Het volgen van financiële sporen doet afpakofficier Esther Duijts al vanaf het begin van haar werk als officier van justitie. Ze startte in 1999 als officier ‘zware criminaliteit’ bij het arrondissementsparket in Zwolle, na een loopbaan als strafrechtadvocaat. Ze deed bij het Parket Zwolle mensenhandelzaken, grote georganiseerde hennepteelt en wapenhandel. Ze had standaard financiële mensen in haar opsporingsteams voor het bevragen van banken en het leggen van beslag. Het volgen van financiële sporen bracht haar ooit een verdachte van moord in beeld, die ze anders niet op het spoor waren gekomen. “Er bleek een bankpas zoek van het slachtoffer. Er is onderzoek gedaan naar het gebruik van die bankpas. Een paar dagen na de moord kwam een man in beeld die geld pinde met de bankpas. Hij was nog niet eerder in beeld gekomen. Hij bekende later de moord te hebben gepleegd.”
Voor Esther is het eigenlijk altijd vanzelfsprekend geweest dat financieel rechercheren bij haar vak hoort. “Zowel voor het onderzoeken van strafbare feiten, bewijsverkrijging, als voor het leggen van beslag en om, in geval er geld verdiend is met de feiten, te komen tot een ontneming.” Ze wil die kennis graag delen. Ze werkt sinds 2010 als afpakofficier: “In die hoedanigheid lever ik graag een bijdrage om tot resultaten te komen.”
Haar werkdag als afpakofficier bij het FP is heel afwisselend. Ze doet niet zo vaak meer zittingen zoals ‘gewone’ officieren. Soms draait ze mee als tweede zaaksofficier met grote complexe onderzoeken. Vaker adviseert zij haar collega’s en denkt ze aan de voorkant van onderzoeken mee. Bijvoorbeeld bij de voorbereiding van actiedagen: “Ik ben de verbindende schakel met de expertise die we kunnen bieden. Is er een civiel juridisch adviseur, een vermogenstraceerder of een forensisch accountant nodig? Of al onze expertise? Ik wil de expertise die we hebben zo efficiënt als mogelijk inzetten.” Dat is ook haar grootste dilemma vaak: “Hoe kan ik het beste samenwerken in een casus? Ik wil vooral niet in de weg lopen, maar wel kijken of en hoe we kunnen helpen.”
In haar werk als afpakofficier werkt ze vaak samen met de collega’s binnen het afpakteam. Ook met haar collega’s uit andere disciplines, zoals forensisch accountants, internationaal juridisch adviseurs, civil juridisch adviseurs.

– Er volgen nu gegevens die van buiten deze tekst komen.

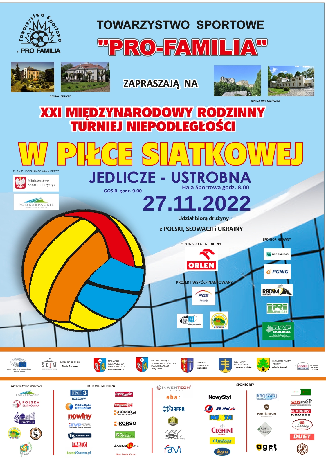 27 listopada 2022 r. w Jedliczu i Ustrobnej odbędzie się kolejny XXI Międzynarodowy Rodzinny Turniej Niepodległości w Piłce Siatkowej PRO-FAMILIA CUP 2022. Komunikat organizacyjny i szczegóły poniżej.

Ze verbaast zich dat ze niet vaker betrokken worden: “Juist een andere blik van iemand met andere dan juridische strafrechtelijke expertise kan zo verfrissend zijn.”
De grootste misvatting over haar werk als afpakofficier is dat ze niet meer uitvoerend zou zijn. “Je adviseert veel, maar een aantal zaken doe je ook nog zelf. Of je hebt een takenverdeling met bijvoorbeeld een collega zaaksofficier. Ik schrijf conclusies en requisitoiren in ontnemingszaken mee, of ik doe de getuigenverhoren bij de rechter-commissaris. Ik lees processen-verbaal of fileer dossiers, of een rechter eruit kan halen wat je bedoelt te zeggen. Ik ben een jurist, dus ik test vaak of de rechter kan begrijpen wat de financieel rechercheur of accountant bedoelt met een rapportage.” Esther geniet ervan wanneer ze haar inzet in een latere fase beloond ziet. “Door aan de voorkant van onderzoeken de juiste keuzes maken, kan je er vaak meer uithalen.”
Zo heeft ze in een zaak de officier geadviseerd om de tenlastelegging in de strafzaak te beperken tot 1 feit. Ze kon toen uit pakken met de ontnemingszaak, want via de ontneming kan je ook niet-tenlastegelegde feiten meenemen bij het opleggen van een ontnemingsmaatregel. “De keuzes die je in een vroeg stadium maakt in een strafzaak zijn vaak bepalend voor wat je later kunt afpakken.” Juist daarom vindt ze het belangrijk dat collega’s haar al in een vroeg stadium betrekken: “Wanneer iemand vlak voor zitting bij me komt, valt er vaak weinig meer te adviseren of te repareren. Het bepalen van een efficiënte afpakstrategie begint bij de start van het onderzoek.”